FBPO: I’m glad you cleared that up because that was not my impression!
RD: At one point, they did have a jazz degree program and, because I’m known basically as a jazz player, people will assume that I’m running it. But there’s no program there to speak of. It’s still on the books, but it’s not developed.
FBPO: Is Peter Dominguez one of those students you referred to?
RD: He was my first student when I came here in 1977. He is now a bass professor himself and he’s like a son to me. He is the main part of my Richard Davis Foundation for young bass players. He is the main part that makes that happen.
FBPO: Tell me about the Richard Davis Foundation. What is its mission?
RD: Eighteen clinicians, that is professors of the bass, get together every Easter weekend, Friday and Saturday, to teach bass players of all levels and all interests. We have about eighty-five young bass players who attend every year. I started that thing by myself with the encouragement of Peter Dominguez. He told me I should start something like that. This Easter will mark our eighteenth year. The teachers give a recital on Friday night and the students give theirs on Saturday night. It’s one of the most spectacular things that’s happened to young bass players.
FBPO: You’ve done so much good outside of the music world. What are some of the causes that are the most meaningful to you?
RD: The thing that I spend a lot of time with is racial conditioning. I have good course facilitators, I have good materials, good books, good videos and lots of people participating. And now I’m being asked to travel to do some series. We study together, have a lecture and then we give what’s called a testimony, where people open their hearts once their heads are open. And that has proven to be very, very successful. It’s amazing what people do not know when it comes to racial issues. We do it with compassion and make everyone comfortable and feeling that their ideas are protected, never edited, never interrupted. I’ve been doing that since 1989.
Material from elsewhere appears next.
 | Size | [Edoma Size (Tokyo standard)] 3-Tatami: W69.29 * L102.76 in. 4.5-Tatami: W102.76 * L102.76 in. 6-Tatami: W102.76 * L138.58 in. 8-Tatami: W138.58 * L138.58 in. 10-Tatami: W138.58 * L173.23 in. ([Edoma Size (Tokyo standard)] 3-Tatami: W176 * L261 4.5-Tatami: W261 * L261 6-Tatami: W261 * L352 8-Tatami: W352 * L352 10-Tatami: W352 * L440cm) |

FBPO: You are to be truly commended for all you have accomplished in your life and your career. What else would you like to achieve that you haven’t done yet?
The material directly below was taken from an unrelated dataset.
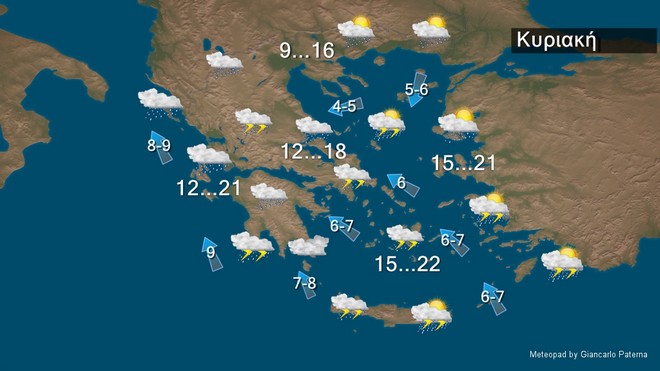Από το απόγευμα της Κυριακής σφοδρό κύμα κακοκαιρίας θα επηρεάσει σχεδόν όλη τη χώρα με κύρια χαρακτηριστικά τις ισχυρές βροχές και καταιγίδες που θα συνοδεύονται από χαλαζοπτώσεις και στα πελάγη θα πνέουν θυελλώδεις νοτιάδες. Η πρόγνωση του διευθυντή της ΕΜΥ Θοδωρή Κολυδά για το News 24/7.

RD: I’ll have to live till I’m 137 years to get done what I want to do! By that time, I will have gained some wisdom and I will become what they call a “wise man.” I’m about to turn 81, you know, and I feel like I’m just beginning to live!
FBPO: What’s on that list of things you want to accomplish if you live to 137?
RD: The thing I want to accomplish is to be read, to have the answers to a lot of things. A lot of people come to me for answers. My students will come to me about their family situations, about racial situations within the family. I teach a class at the university called, “The oneness of humankind.” A lot of students come to me with questions and feel like I have an answer. So I am constantly studying from books, from videos and just living the life. I feel like I have a responsibility.
It’s funny because, as a kid, I was not athletic, so I had to have something else I could develop, and that was reading. I read so much, you wouldn’t believe it! The teacher would give me an assignment in high school and, not only did I use the textbook, I went to the library and got three or four other books on the same topic. So I had a rounded answer for her. I had great teachers in high school, both black and white. I guess they recognized I was after something because my mother had trained me to be the best student, to have the highest grades. I couldn’t afford anything lower than 100 because I was black and I had two strikes against me already. With that kind of discipline and with the discipline of Walter Dyett, I had nowhere to go but to the top. I use that same discipline in everything that I do.
FBPO: What would you be if you weren’t a bass player?
RD: I would be a professional horseman.